## [PROVIDED RECORDS]
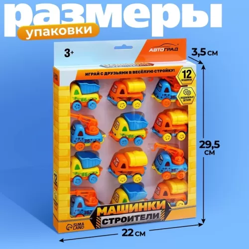 Машинки детские «Строители», набор 12 шт., подвижные детали
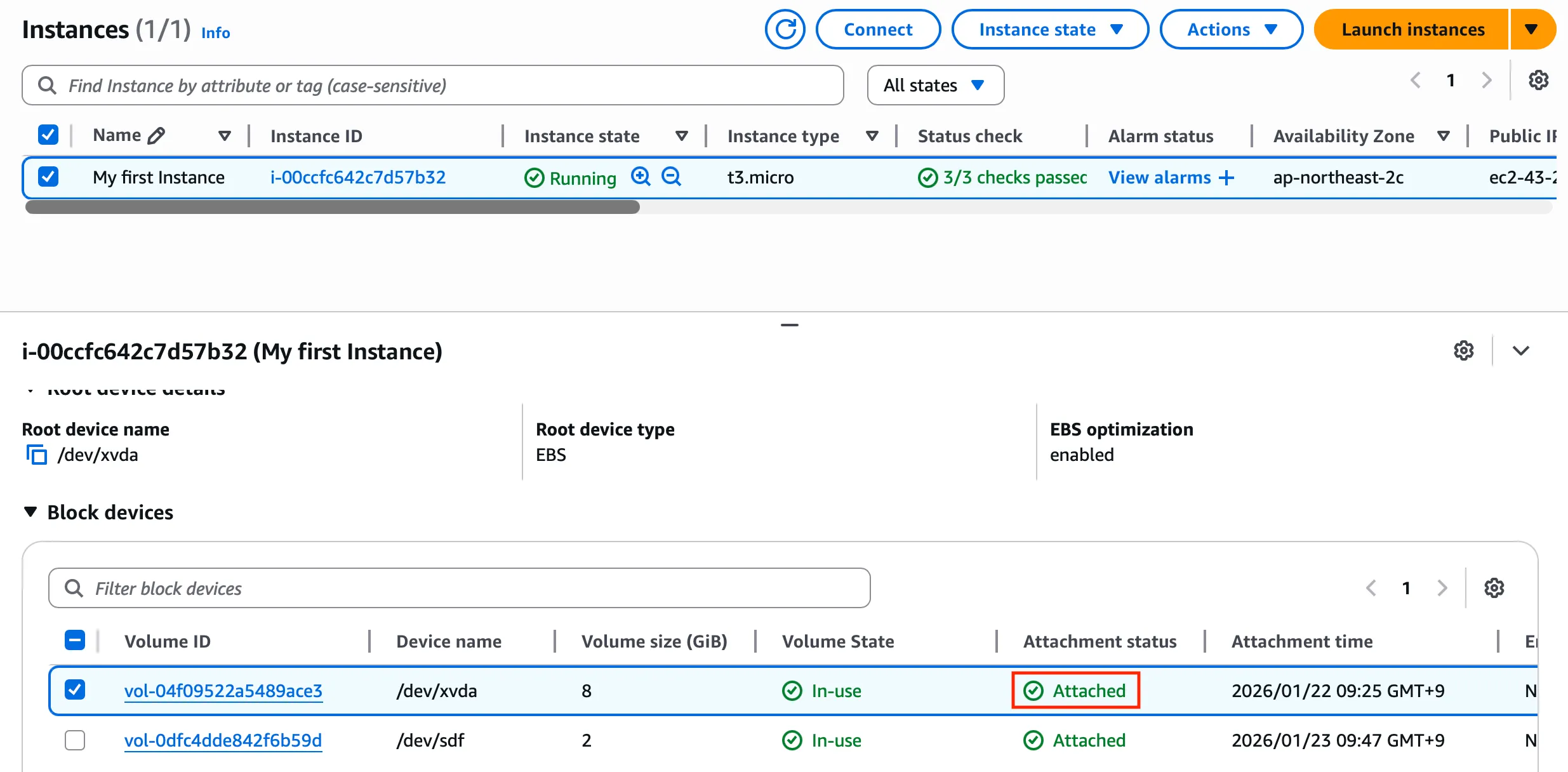- EBS = 그 컴퓨터에 연결된 SSD / HDD
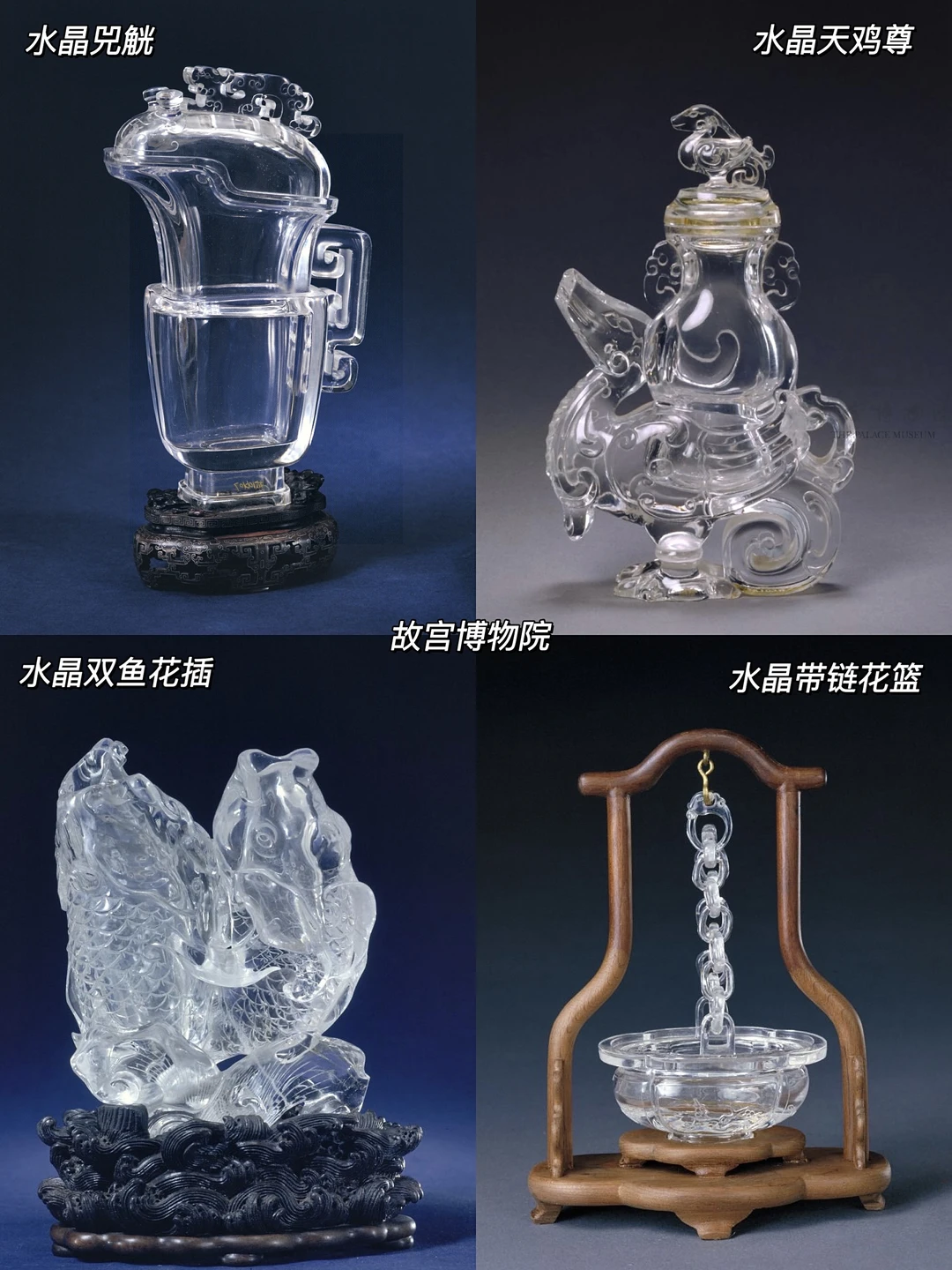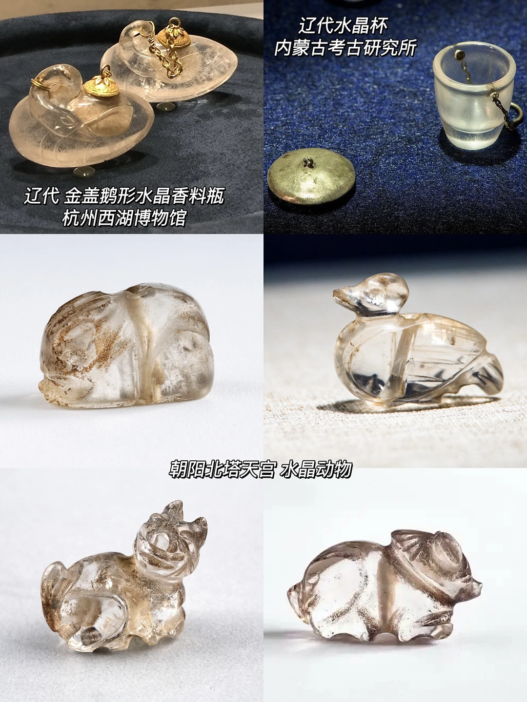 🔮辽代的水晶装饰多了许多包金的设计,还有一些生动可爱的动物水晶,像是龟鱼、鸭鹅、熊、老鼠等等,展示出工匠超高的圆雕技法。
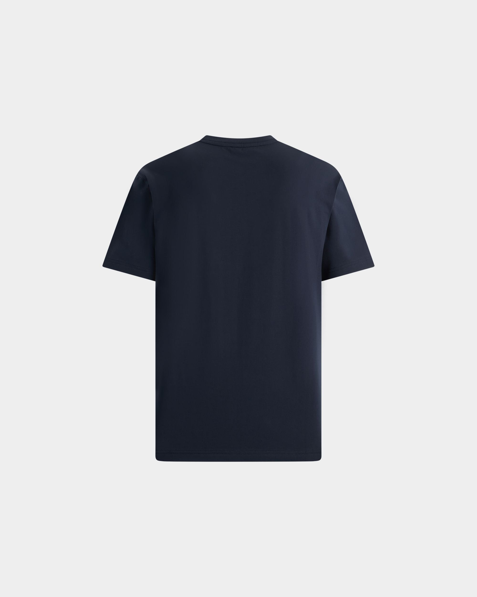This simple navy blue cotton t-shirt is enriched by a glossy Bally logo across the chest. A red and white Ribbon detail is seen to the inside of the crewneck collar.
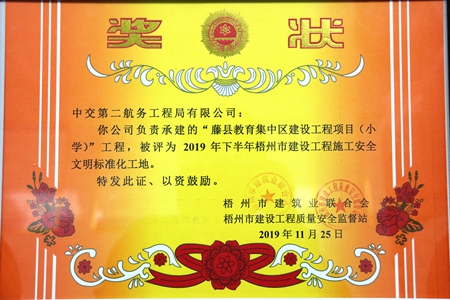 11月25日,分公司负责施工的广西藤县教育集中区项目小学获得2019年下半年梧州市建设工程施工安全文明标准化工地。
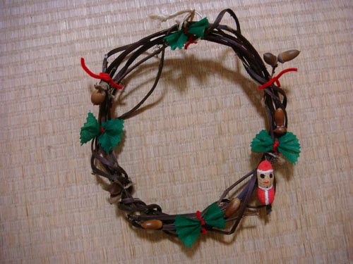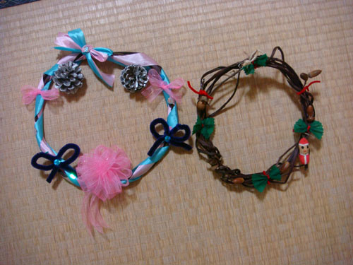 行って早速、クリスマスのリース作り。
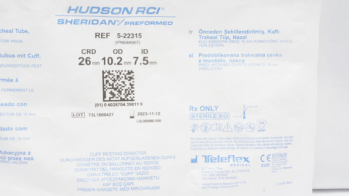 - Teleflex 5-22315 Hudson RCI Cuffed Tracheal Tube 26 x 7.5ID x 10.2mmOD (x)
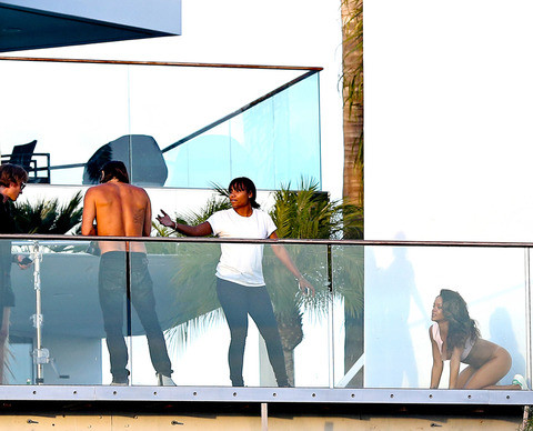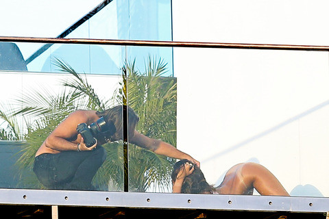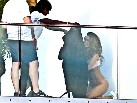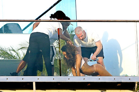 Một người phụ tá còn đổ nước lên người Rihanna để cô nàng trở nên nóng bỏng hơn khi chụp ảnh
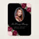 Elegante tarjeta de memoria floral en negro y plateado/tarjeta de oración funeraria con una foto adornada con rosas de acuarela rosa y rojo borgoña y flores de aliento del bebé sobre un fondo negro.
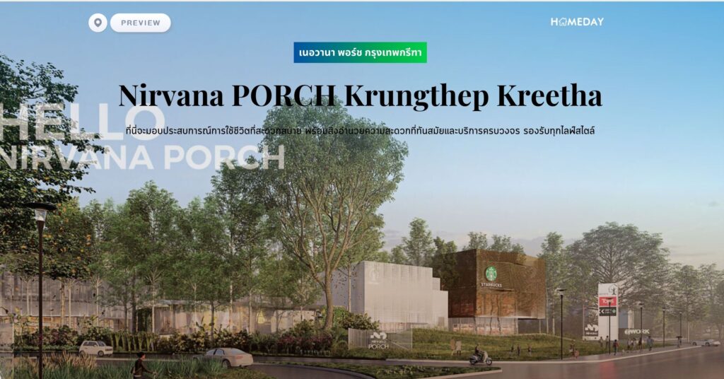 พรีวิว เนอวานา พอร์ช กรุงเทพกรีฑา (Nirvana PORCH Krungthep Kreetha) ที่นี่จะมอบประสบการณ์การใช้ชีวิตที่สะดวกสบาย พร้อมสิ่งอำนวยความสะดวกที่ทันสมัยและบริการครบวงจร รองรับทุกไลฟ์สไตล์
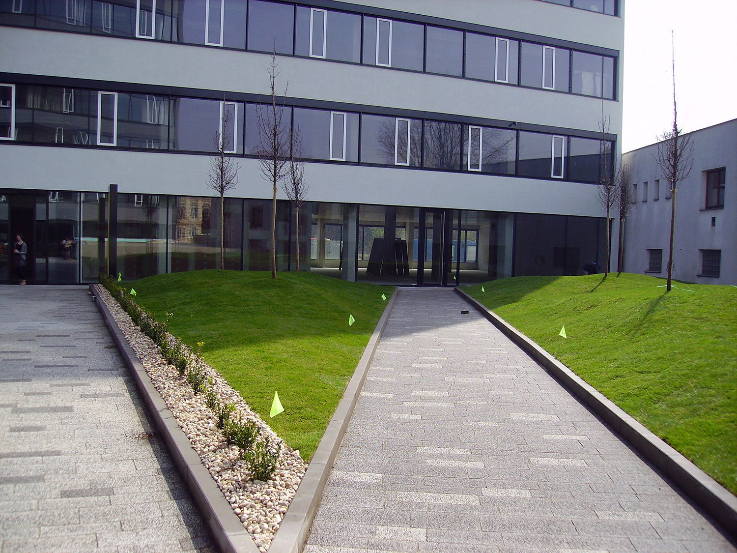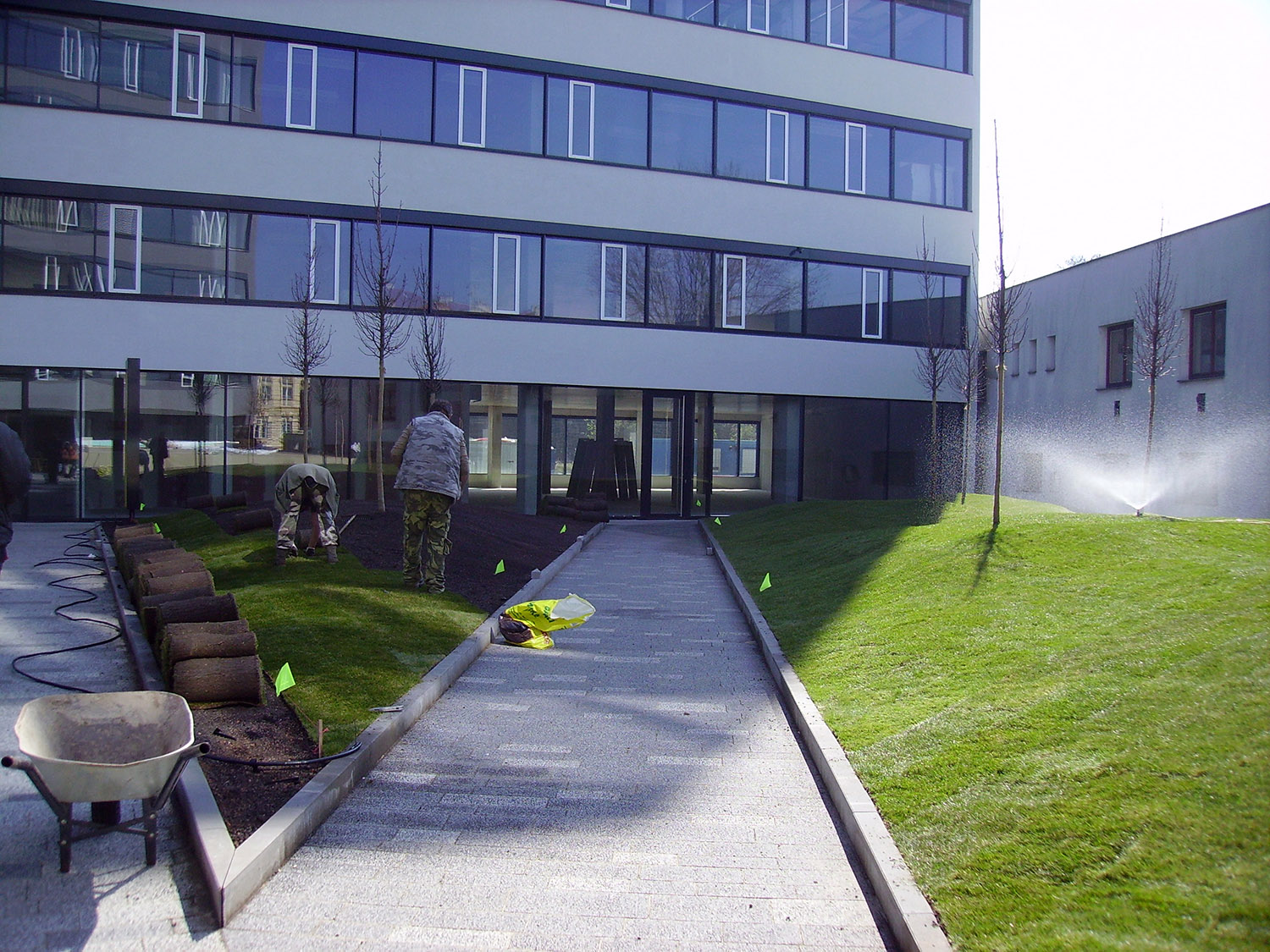 Na jaře 2014 byl dokončen automatický závlahový systém, položen kobercový trávník, vysazeny buxusy a přísavníky (obr. 6, obr. 7). Kvůli nedostatečnému tlaku vody z vodovodního řadu bylo nakonec rozhodnuto, že voda pro závlahy se bude čerpat samostatným čerpadlem z okrasného mělkého bazénku uprostřed parku. Tím se zároveň vyřešil problém udržení čistoty vody v bazénku, která se díky neustálé obměně nestačí zkalit. Navíc je předehřátá a odražená, což vegetaci prospívá. A to, že investor ušetří na čisticí chemii, už je bonus navíc.

## [EXERCISE DIRECTIONS]
The images are to be left out; every line above should be set down exactly.

## [EXERCISE SOLUTION]
 Машинки детские «Строители», набор 12 шт., подвижные детали
- EBS = 그 컴퓨터에 연결된 SSD / HDD
 🔮辽代的水晶装饰多了许多包金的设计,还有一些生动可爱的动物水晶,像是龟鱼、鸭鹅、熊、老鼠等等,展示出工匠超高的圆雕技法。
This simple navy blue cotton t-shirt is enriched by a glossy Bally logo across the chest. A red and white Ribbon detail is seen to the inside of the crewneck collar.
 11月25日,分公司负责施工的广西藤县教育集中区项目小学获得2019年下半年梧州市建设工程施工安全文明标准化工地。
 行って早速、クリスマスのリース作り。
 - Teleflex 5-22315 Hudson RCI Cuffed Tracheal Tube 26 x 7.5ID x 10.2mmOD (x)
 Một người phụ tá còn đổ nước lên người Rihanna để cô nàng trở nên nóng bỏng hơn khi chụp ảnh
 Elegante tarjeta de memoria floral en negro y plateado/tarjeta de oración funeraria con una foto adornada con rosas de acuarela rosa y rojo borgoña y flores de aliento del bebé sobre un fondo negro.
 พรีวิว เนอวานา พอร์ช กรุงเทพกรีฑา (Nirvana PORCH Krungthep Kreetha) ที่นี่จะมอบประสบการณ์การใช้ชีวิตที่สะดวกสบาย พร้อมสิ่งอำนวยความสะดวกที่ทันสมัยและบริการครบวงจร รองรับทุกไลฟ์สไตล์
 Na jaře 2014 byl dokončen automatický závlahový systém, položen kobercový trávník, vysazeny buxusy a přísavníky (obr. 6, obr. 7). Kvůli nedostatečnému tlaku vody z vodovodního řadu bylo nakonec rozhodnuto, že voda pro závlahy se bude čerpat samostatným čerpadlem z okrasného mělkého bazénku uprostřed parku. Tím se zároveň vyřešil problém udržení čistoty vody v bazénku, která se díky neustálé obměně nestačí zkalit. Navíc je předehřátá a odražená, což vegetaci prospívá. A to, že investor ušetří na čisticí chemii, už je bonus navíc.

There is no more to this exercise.